About a year ago I thought it would be a good idea to buy a spare hard drive and set up RAID 1 (mirrored) on my computer. I've gotten so many emails from users of Senuti who have had failed hard drives. It kind of made me paranoid that my hard drive would fail. A second internal hard drive wasn't too expensive, so I went ahead and bought one.
I got pretty much the same model as the one that came with the computer. Same size and everything; it might have just been a generation newer, but for all intensive purposes, the same drive. It took me a while to get around to setting up the RAID because I needed to format the drive at the same time. I did get around to it eventually, and it went pretty well.

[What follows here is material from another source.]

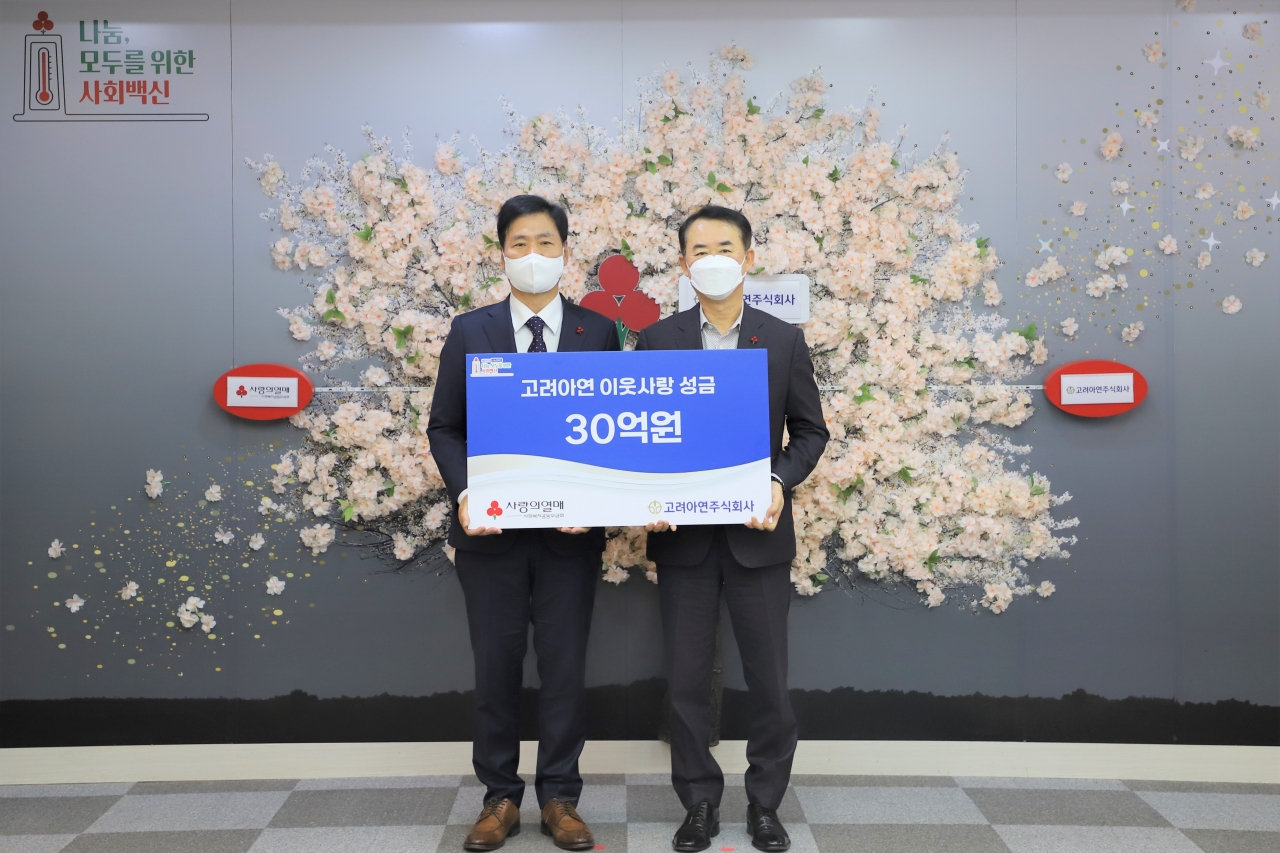 고려아연은 2021년 12월 10일(금) 오전 사랑의 열매 사회복지공동모금회에 이웃사랑 성금 30억 원을 기부하며 ‘희망2021나눔캠페인’에 동참했다. 이날 기부금 전달은 노진수 대표이사와 사랑의열매 김상균 사무총장, 김경희 사회공헌본부장을 비롯한 임직원이 참석한 가운데 이뤄졌다.

Disk Utility was pretty easy to use to set it up. I got a partition on each of the two disks to mirror each other.
Fast forward a year when I decided to try to get more than one partition to work with RAID 1. I don't claim to be an expert with RAIDs, but I can't think of any reason that you wouldn't be able to set up two disks with multiple partitions to mirror each other. Partitions A1, B1, and C1 on the first drive could mirror partitions A2, B2, and C2 on the second drive if the sizes were the same. Disk Utility doesn't let you do this. It doesn't tell you that you can't, though. It will just go ahead and attempt it anyway. You can set up A1 to mirror A2 just fine, but if you try to make B1 mirror B2 it will probably fail to work and also put your A1-A2 RIAD into a degraded state. When I did this, A1 and A2 held all of my important data.

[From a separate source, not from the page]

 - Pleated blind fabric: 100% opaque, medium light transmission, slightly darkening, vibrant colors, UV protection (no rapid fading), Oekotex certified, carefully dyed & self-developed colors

So at that point my startup disk was a degraded RAID, and things didn't work so well. My computer started up sometimes. I managed to save all of my data (a long, scary process) and decided to go with a RAID 1 on one partition which had worked before. This worked fine for about a month, but then my computer started to freeze and stop responding entirely. Restarting led to it just logging me off -- normally within the first 2 minutes -- and showing me a blue screen. So I reinstalled OS X on a separate (non RAID) partition and the computer started just fine. But the RAID unmounted itself unexpectedly after 2 minutes of the computer being on. That explained why it just logged me off before. I was able to recover my data again, and left the RAID partition in its unstable state for a while thinking it wasn't really affecting anything.

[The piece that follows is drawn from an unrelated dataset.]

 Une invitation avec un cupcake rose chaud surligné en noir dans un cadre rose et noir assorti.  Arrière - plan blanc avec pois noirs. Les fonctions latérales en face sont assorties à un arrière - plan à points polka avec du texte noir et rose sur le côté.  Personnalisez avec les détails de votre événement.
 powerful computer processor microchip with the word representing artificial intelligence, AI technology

Last night I realized it was affecting things. I tried playing a DVD, and the DVD wouldn't play. I thought it was just that the computer couldn't read the disk. It turns out that my computer wouldn't mount anything that wasn't available when the computer was booted.
I removed the RAID partition, and everything appears to be working normally now. RAID 1 doesn't seem like it would be all that difficult for Apple to get working. I realize it's not something most Mac OS X users would use, but its a very valuable tool for some. For now I'm going to have to resort to drag and drop backup to the second drive. Apple's Time Machine should make backup to the drive easier, but RAID 1 makes it automatic. Too bad.